Mlliyet Milliyet Blog Milliyet Blog
 
Facebook Connect
Blog Kategorileri
 

19 Mayıs '08

 
Kategori
Siyaset
 

Türkiye'yi ihtiyarlar değil gençler yönetmelidir!

Türkiye'yi ihtiyarlar değil gençler yönetmelidir!
 

Türk milletinin bağımsızlık savaşına başladığı, Türkiye Cumhuriyeti’nin kuruluş yolunda ilk adımın atıldığı 19.Mayıs.1919 gününü “Gençlik Bayramı” olarak kutlaması son derece anlamlıdır.

Tecrübenin önemi elbette büyüktür.Ama Türkiye Cumhuriyeti’ni kuranlar gençliğin dinamizmine ve cesaretine inanarak, onlara güvenerek yola çıkmışlardı.

Nitekim bağımsızlık mücadelesini veren milletin önderleri Osmanlı’nın orta yaş komutanlarıydı.

Türkiye Cumhuriyeti büyük değişimlerini, devrimlerini hep genç, orta yaş Hükümet üyeleriyle, milletvekilleriyle gerçekleştirmişti.

Mustafa Kemal Atatürk Türk milletini esaretten kurtarmak amacıyla Kurtuluş Savaşı’na başlamak üzere 19.Mayıs.1919 ‘tarihinde Samsun’a ayak bastığında 38 yaşındaydı.

38 yaşında bir Mustafa Kemal Türkün kaderini değiştiriyor, Dünyanın en büyük devletlerine karşı bağımsızlık ateşini yakıyordu.

Kurtuluş Savaşı’nın komutanlarının yaşlarına bir bakalım isterseniz.

Mustafa Kemal 38 yaşında.

İsmet İnönü 35 yaşında.

Kazım Karabekir 37 yaşında.

Celal Bayar 36 yaşında.

Rauf Orbay 38 yaşında.

Fevzi Çakmak 43 yaşında.

Refet Bele 38 yaşında.

Anadolu’nun esaretten kurtuluşunu yokluklar içerisinde gerçekleştiren büyük komutanlar tarih sahnesinin en büyük ve en eski milletlerinden birisi olan Türk milletine önderlik eden, yokluklar içerisinde çökmüş bir imparatorluğun küllerinden yepyeni bir devlet kuran önder kadro bunu başarmak için yola çıktığında 40 yaşına henüz varmamış birer insandı.

Bu gün Türkiye’mizi yöneten siyasi önderlerimizin yaşlarına baktığımızda o gün tüm dünyaya karşı bağımsızlık mücadelesi vererek büyük devrimler yapan bir ülkenin bu gün neden yerinde saydığının göstergesidir aslında bu yaş kıyası.

Türkiye’nin bu gün en büyük sorunu yöneticilerinin yaşıdır:

Türkiye hem vücudu hem gönlü hem de aklı yaşlı insanlar tarafından yönetilmektedir.
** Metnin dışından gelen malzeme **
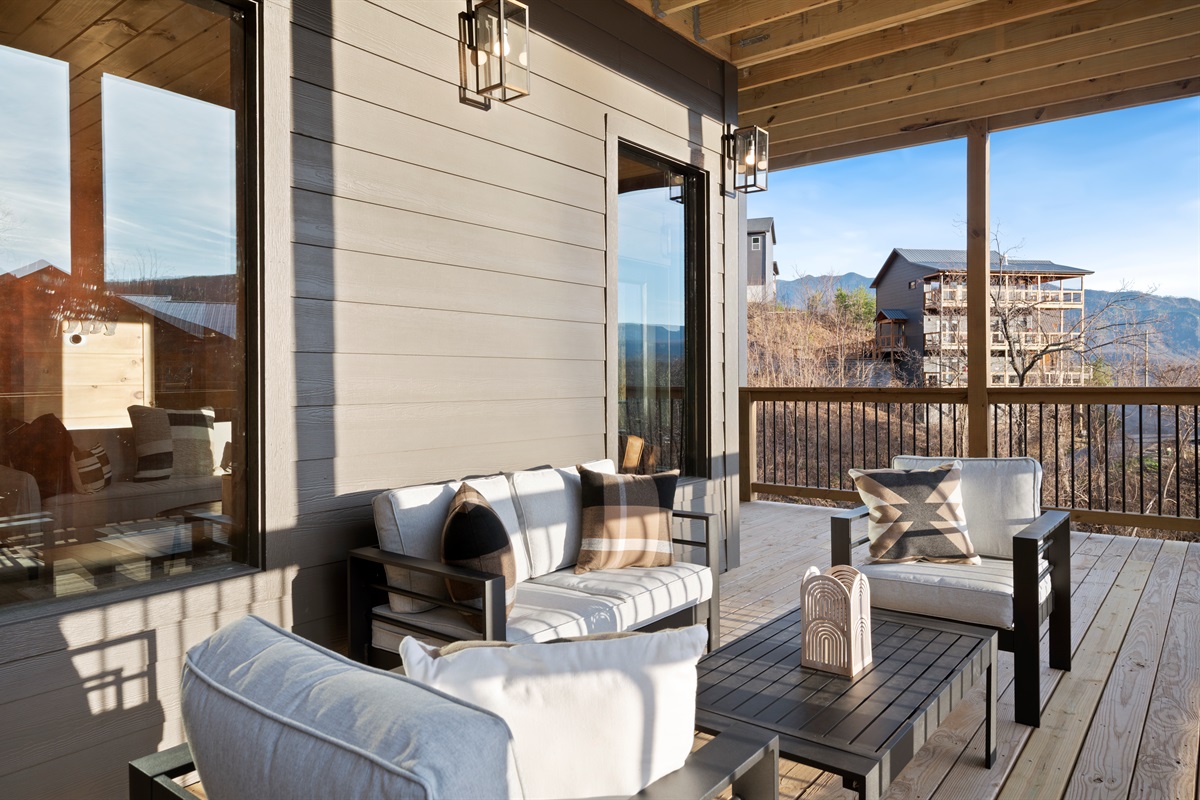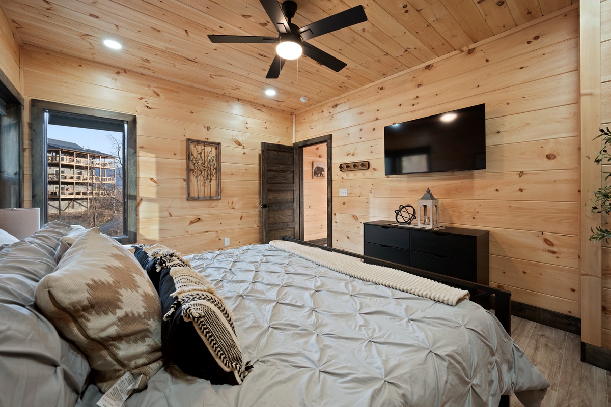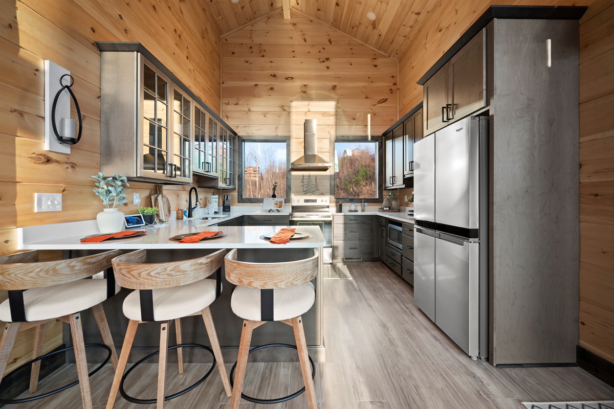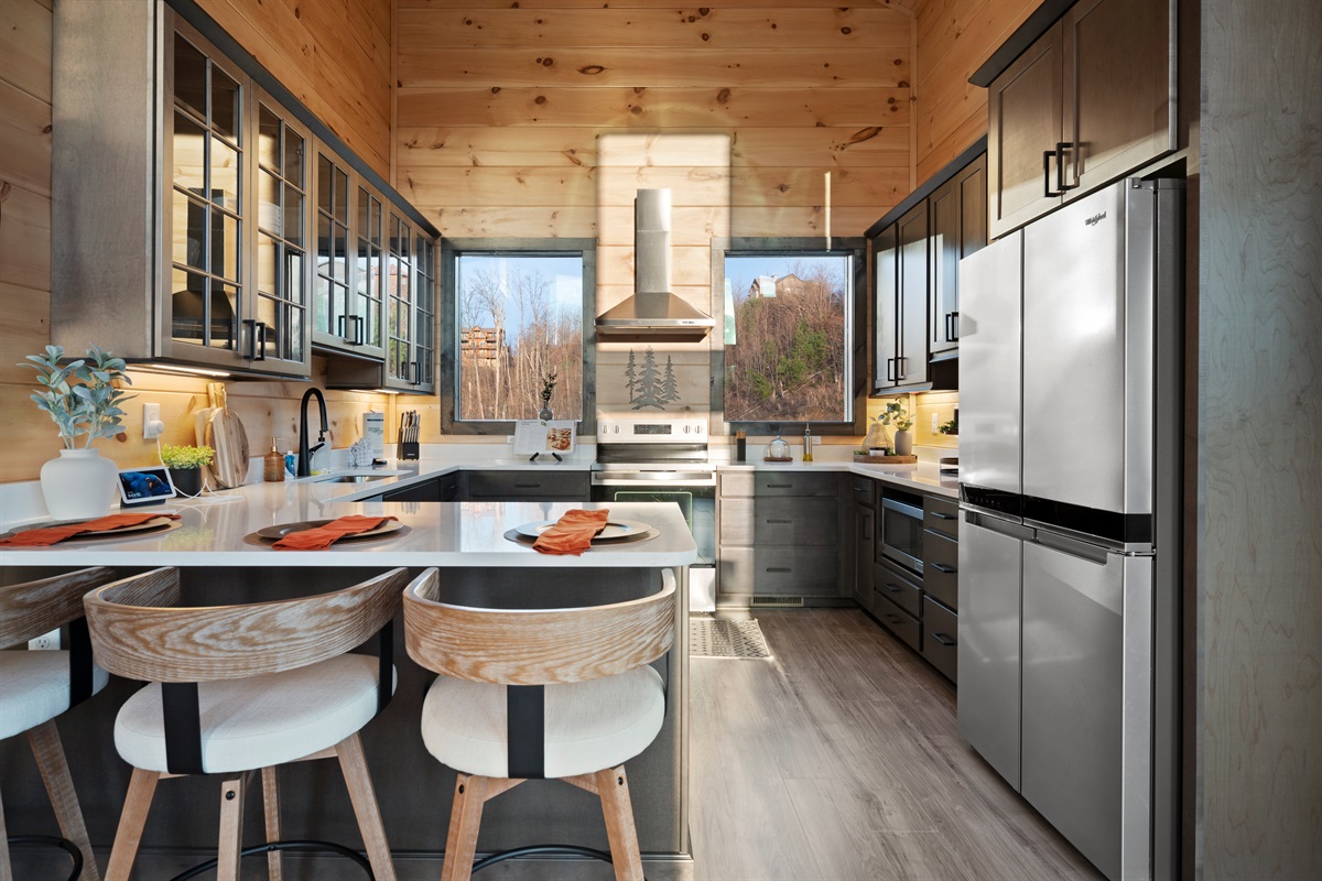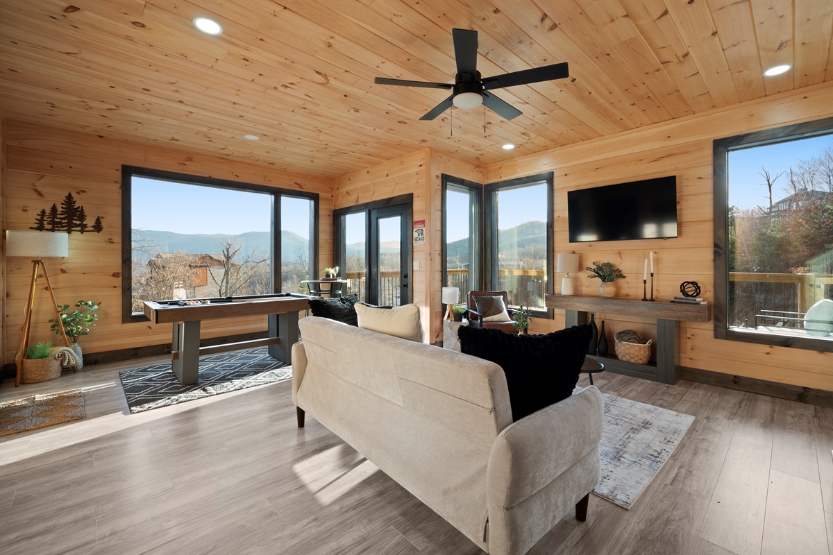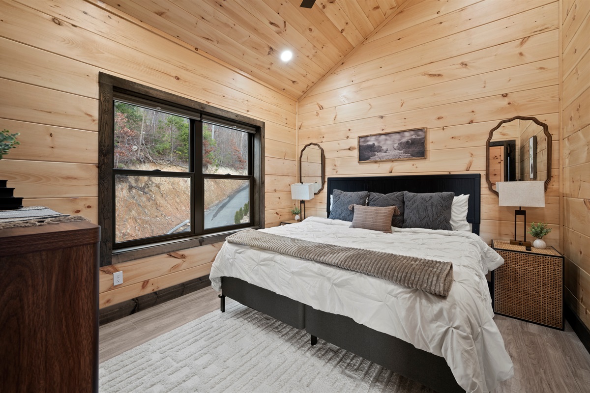 This newly built, two-level cabin was designed around the view. Massive windows flood the space with natural light, framing the Smokies from nearly every angle. Inside, clean modern finishes meet warm wood tones, creating a space that feels elevated, cozy, and effortless the moment you walk in.

Bu yüzden Türkiye yerinde sayan bir ülkedir.

Türkiye bu yüzden reform yapamamaktadır.

Türkiye bu yüzden çağdaş adımları cesaretle yapamayan edilgen bir ülke olarak kalmaktadır.

Türkiye’nin yönetimine hakim psikoloji “yaşlı psikolojisi” olduğu için “dinamizm” ve “cesaret” niteliği olmayan “temkinli” ve “ürkek” bir nitelik taşımaktadır.

Atatürk Kurtuluş Savaşına başladığında 38 yaşındaydı, İsmet İnönü 35, Kazım karabekir 38. Dün 30lu yaşlardaki yöneticilerle Düveli Muazzamayı dize getirirken şimdi 60lı 70li yaşlardaki yöneticilerim ile yerinde sayan bir ülkeyiz.

Gençlerin enerjisinden mahrum ülkelerin sadece tecrübeye dayanarak medeniyet yolunda yürümesi veya koşabilmesi mümkün değildir.

Ülkelerin geleceği yaşlılarının değil gençlerinin elindedir.

Türkiye genç nüfusu çok olan ama yöneticilerinin yaşlı olduğu bir ülkedir.Bunun içindir ki demokratikleşme yolunda yapısal reformlarını bir türlü gerçekleştirememektedir.

Türkiye’nin ağır kanlı hareketinin sebebi sahibi olduğu ve en önemli avantajlarından birisi olan gençlerinin enerjisini ve cesaretini bir türlü açığa çıkarmaması olduğu açık bir biçimde ortadadır.

Türk siyasi hayatına baktığımızda Kurtuluş Savaşımızı devlet ile taçlandıran Mustafa Kemal ve arkadaşlarının zafer günlerindeki yaşlarıyla kıyasladığımızda “yaşlı” siyasiler tarafından yönetildiğimiz görülecektir.

Siyasete genç yaşlarda girdikleri halde koltuklara sımsıkı sarılan siyasilerin ülkesi olduk maalesef.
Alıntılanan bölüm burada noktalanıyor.